WORK ORDER =
An exact copy of the entries below is needed, with every picture left out.

RECORDED INFORMATION =
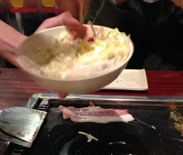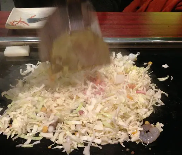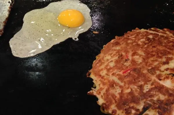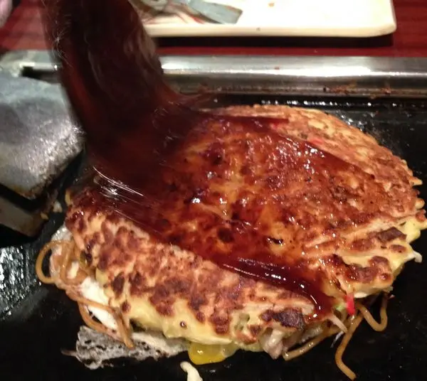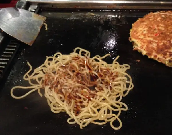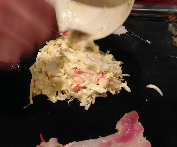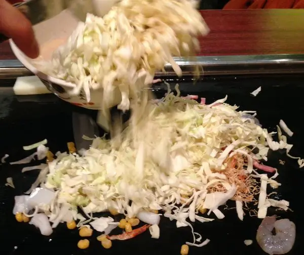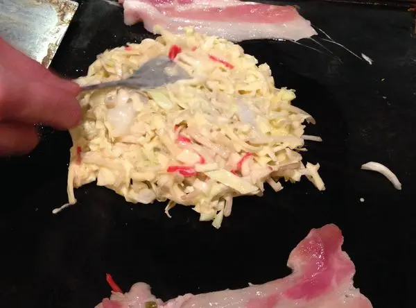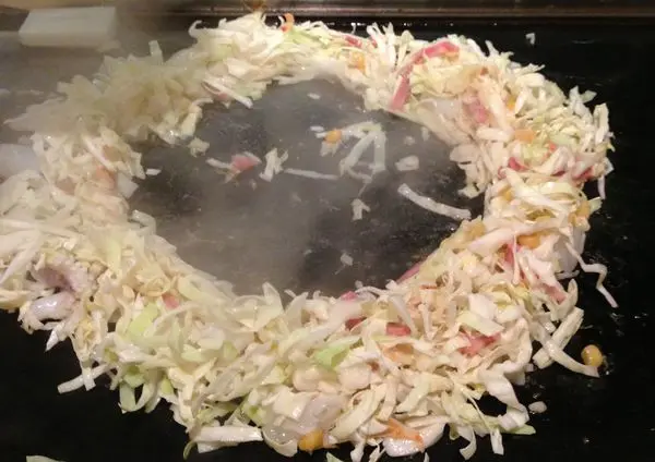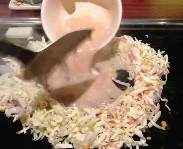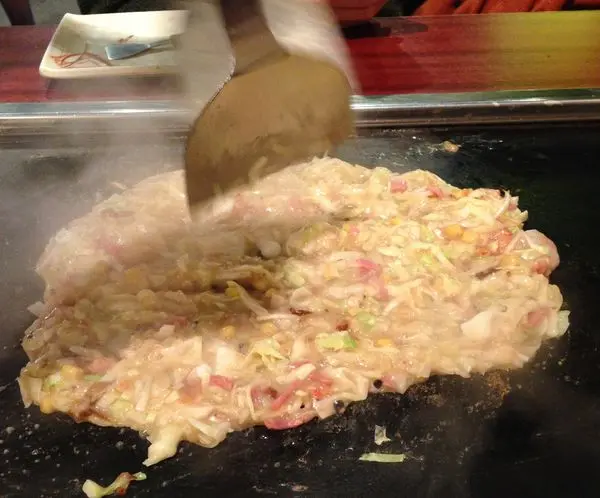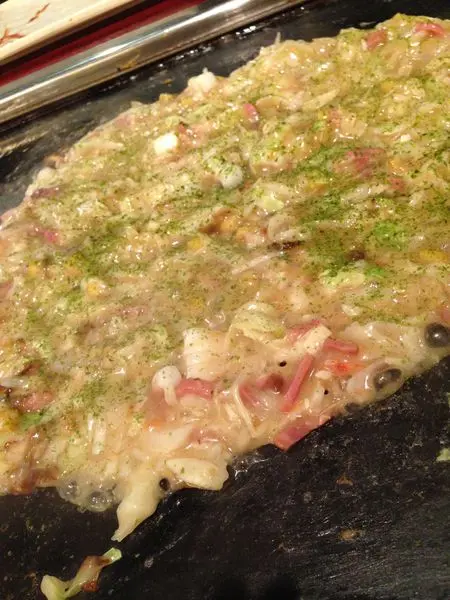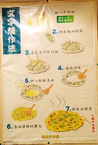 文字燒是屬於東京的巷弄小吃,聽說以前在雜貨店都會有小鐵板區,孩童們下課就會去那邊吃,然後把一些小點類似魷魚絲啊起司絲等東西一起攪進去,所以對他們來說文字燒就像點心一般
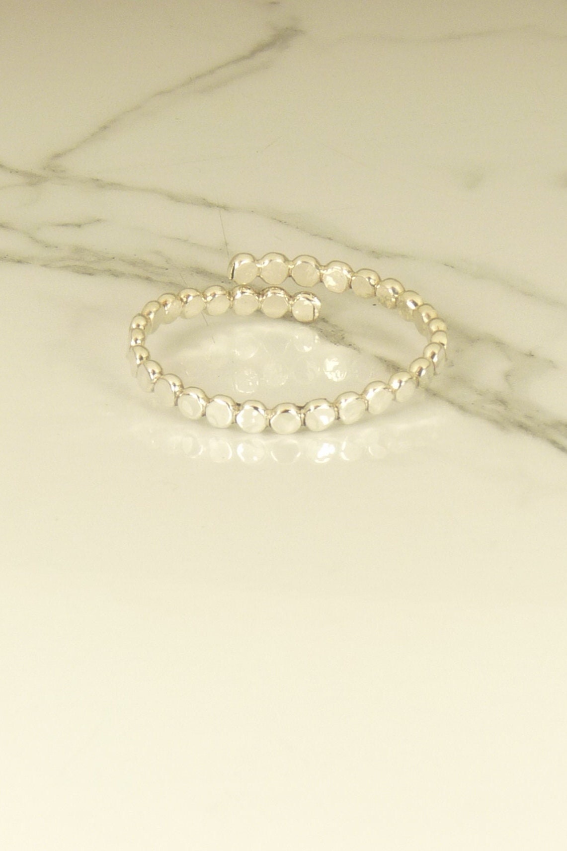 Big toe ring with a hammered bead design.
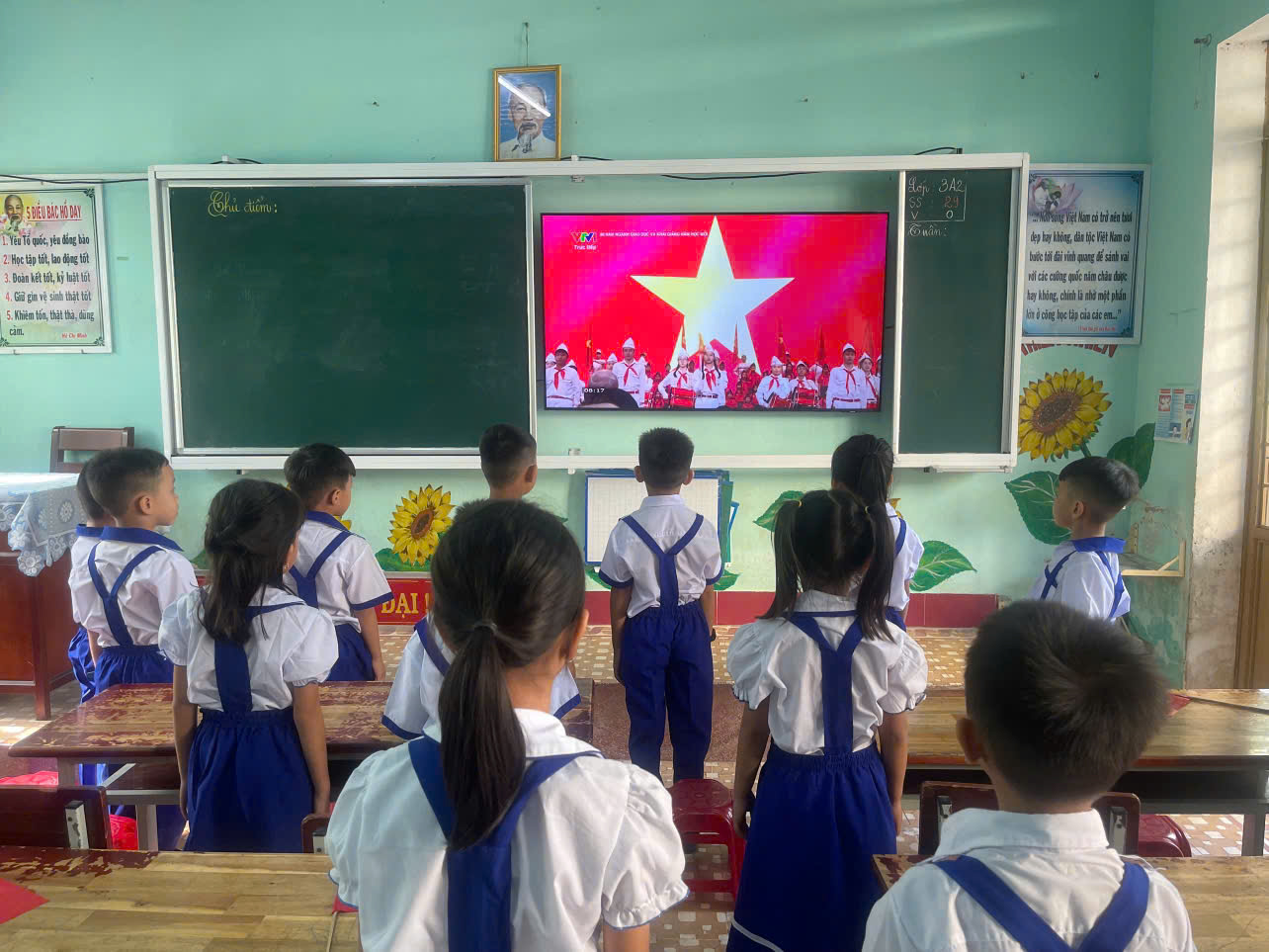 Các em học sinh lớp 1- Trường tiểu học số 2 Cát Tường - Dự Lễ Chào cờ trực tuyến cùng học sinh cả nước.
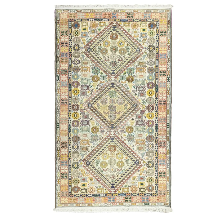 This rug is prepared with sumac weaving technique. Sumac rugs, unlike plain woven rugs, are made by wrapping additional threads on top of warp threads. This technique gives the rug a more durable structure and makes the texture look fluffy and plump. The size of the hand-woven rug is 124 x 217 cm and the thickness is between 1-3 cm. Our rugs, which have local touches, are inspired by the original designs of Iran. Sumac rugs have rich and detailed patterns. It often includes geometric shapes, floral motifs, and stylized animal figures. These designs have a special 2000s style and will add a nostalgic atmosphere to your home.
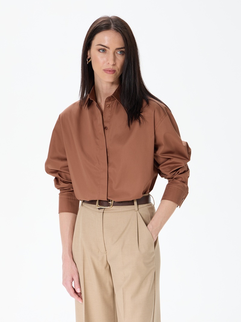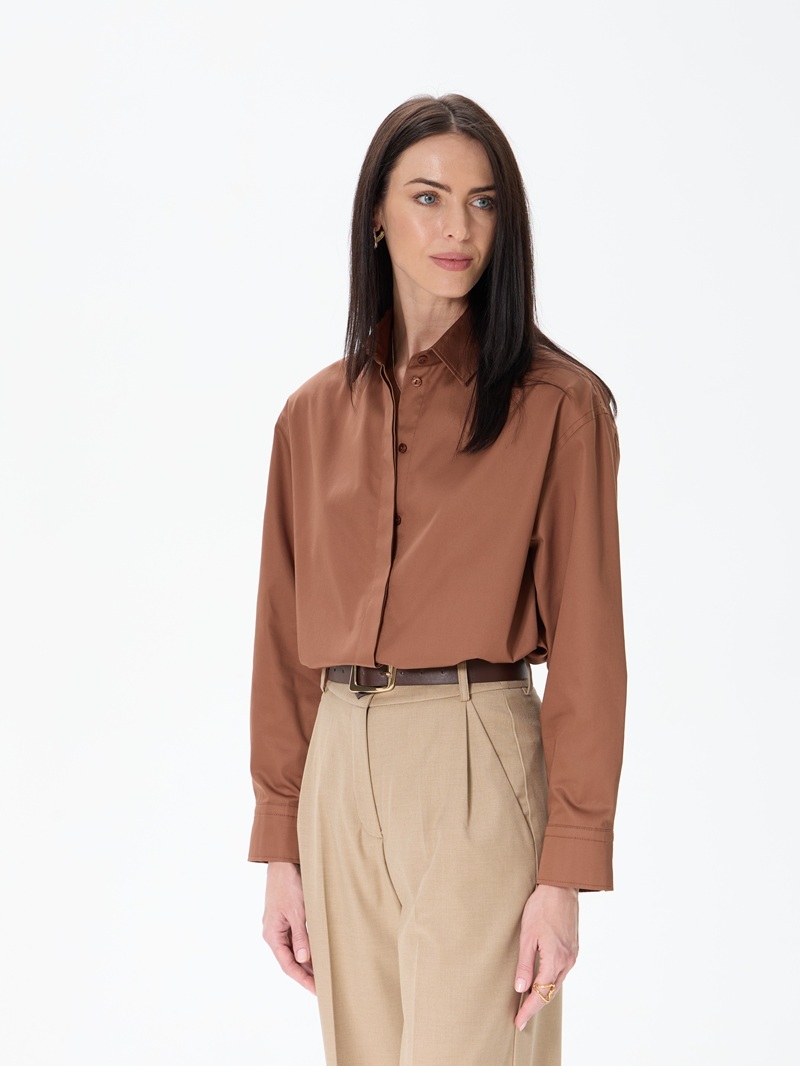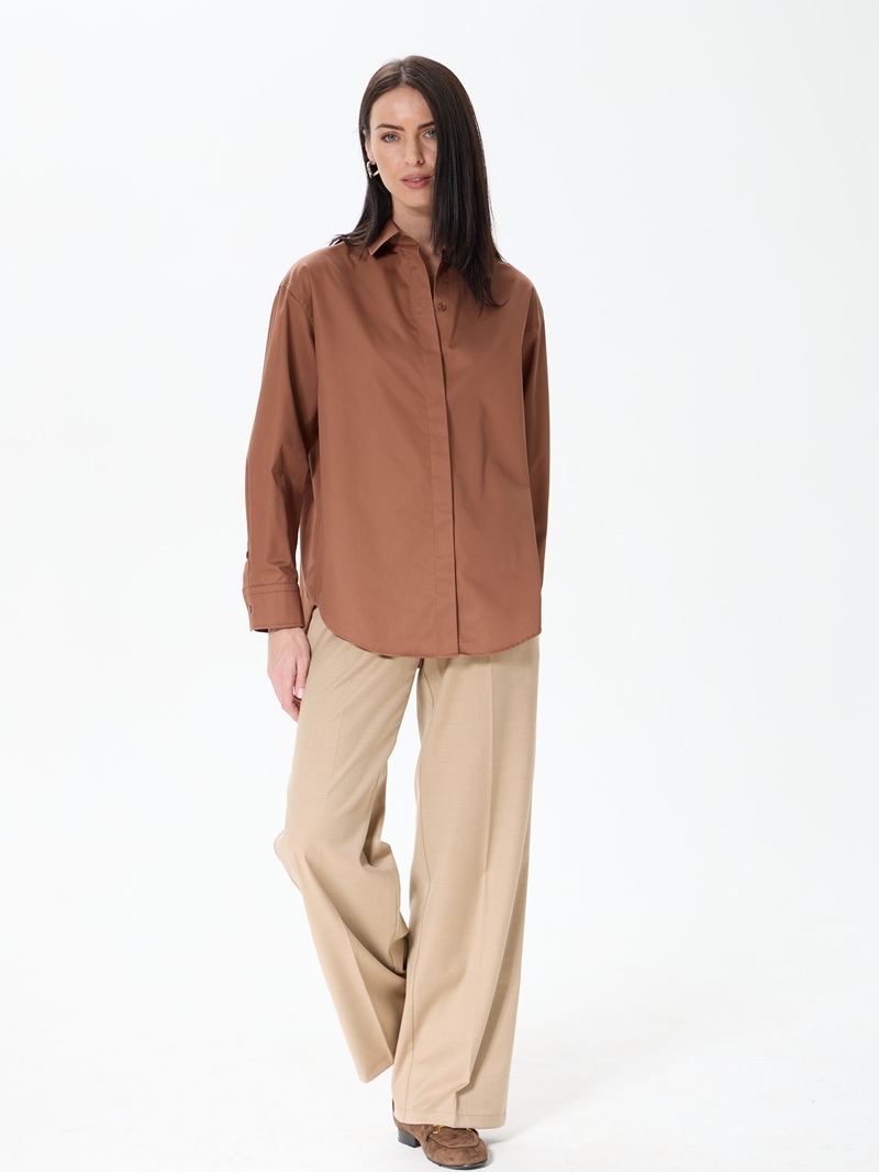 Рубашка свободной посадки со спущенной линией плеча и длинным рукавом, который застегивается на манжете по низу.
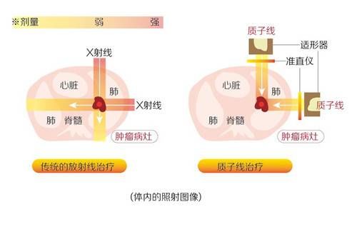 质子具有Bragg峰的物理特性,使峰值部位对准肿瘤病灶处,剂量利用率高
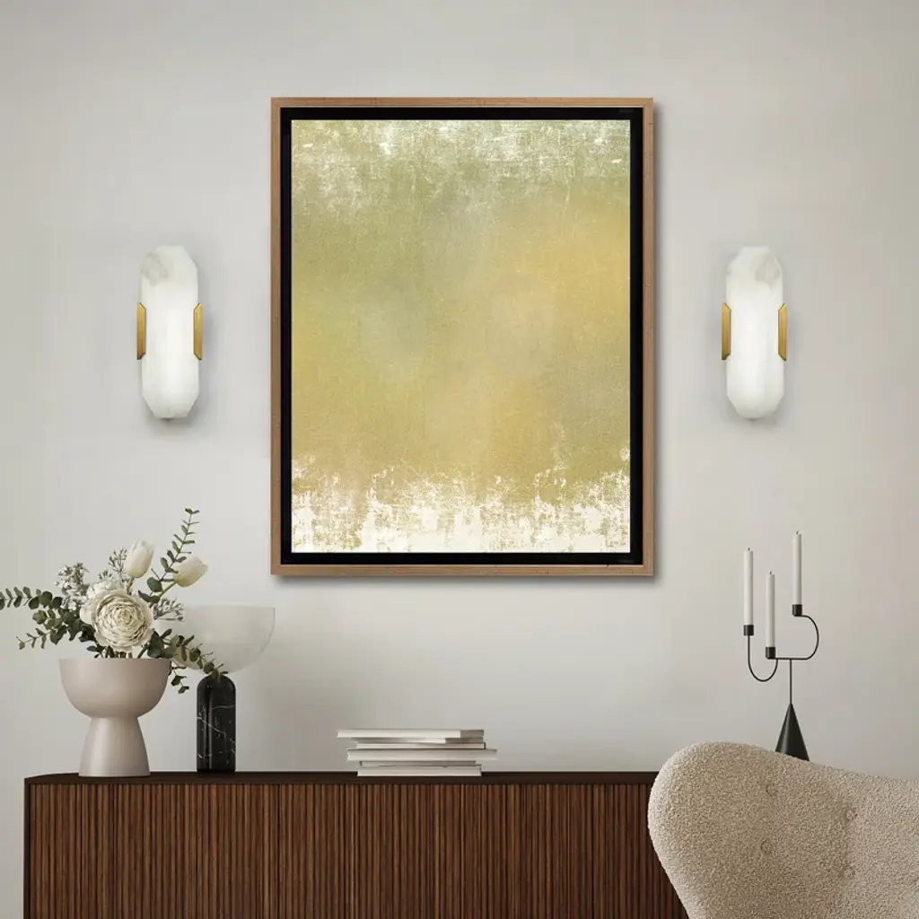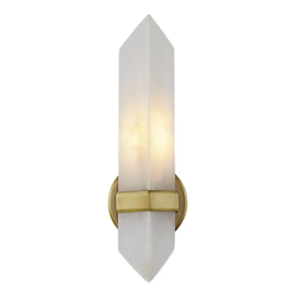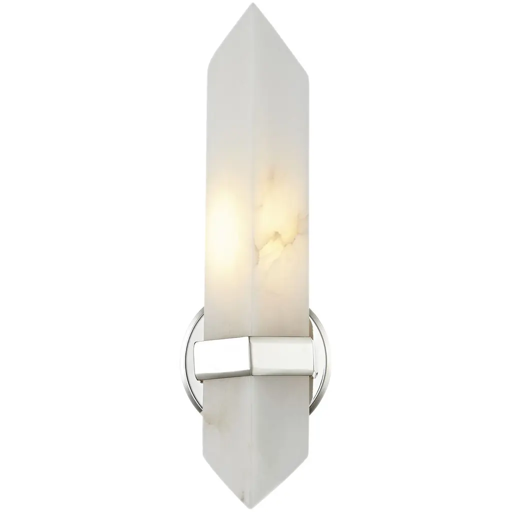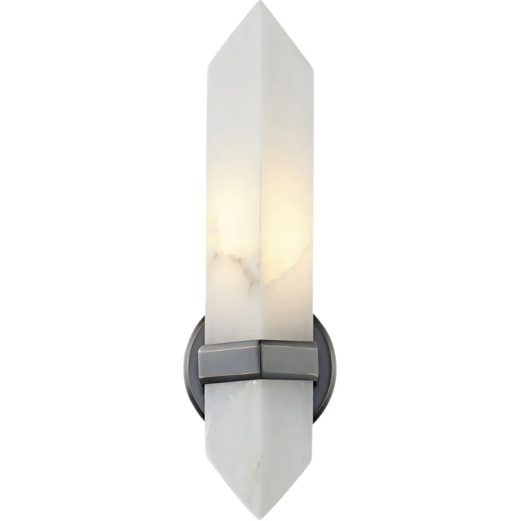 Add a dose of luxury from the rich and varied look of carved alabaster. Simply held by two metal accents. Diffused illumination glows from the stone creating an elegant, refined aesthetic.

EXPECTED ANSWER =
 文字燒是屬於東京的巷弄小吃,聽說以前在雜貨店都會有小鐵板區,孩童們下課就會去那邊吃,然後把一些小點類似魷魚絲啊起司絲等東西一起攪進去,所以對他們來說文字燒就像點心一般
 Big toe ring with a hammered bead design.
 Các em học sinh lớp 1- Trường tiểu học số 2 Cát Tường - Dự Lễ Chào cờ trực tuyến cùng học sinh cả nước.
 This rug is prepared with sumac weaving technique. Sumac rugs, unlike plain woven rugs, are made by wrapping additional threads on top of warp threads. This technique gives the rug a more durable structure and makes the texture look fluffy and plump. The size of the hand-woven rug is 124 x 217 cm and the thickness is between 1-3 cm. Our rugs, which have local touches, are inspired by the original designs of Iran. Sumac rugs have rich and detailed patterns. It often includes geometric shapes, floral motifs, and stylized animal figures. These designs have a special 2000s style and will add a nostalgic atmosphere to your home.
 Рубашка свободной посадки со спущенной линией плеча и длинным рукавом, который застегивается на манжете по низу.
 质子具有Bragg峰的物理特性,使峰值部位对准肿瘤病灶处,剂量利用率高
 Add a dose of luxury from the rich and varied look of carved alabaster. Simply held by two metal accents. Diffused illumination glows from the stone creating an elegant, refined aesthetic.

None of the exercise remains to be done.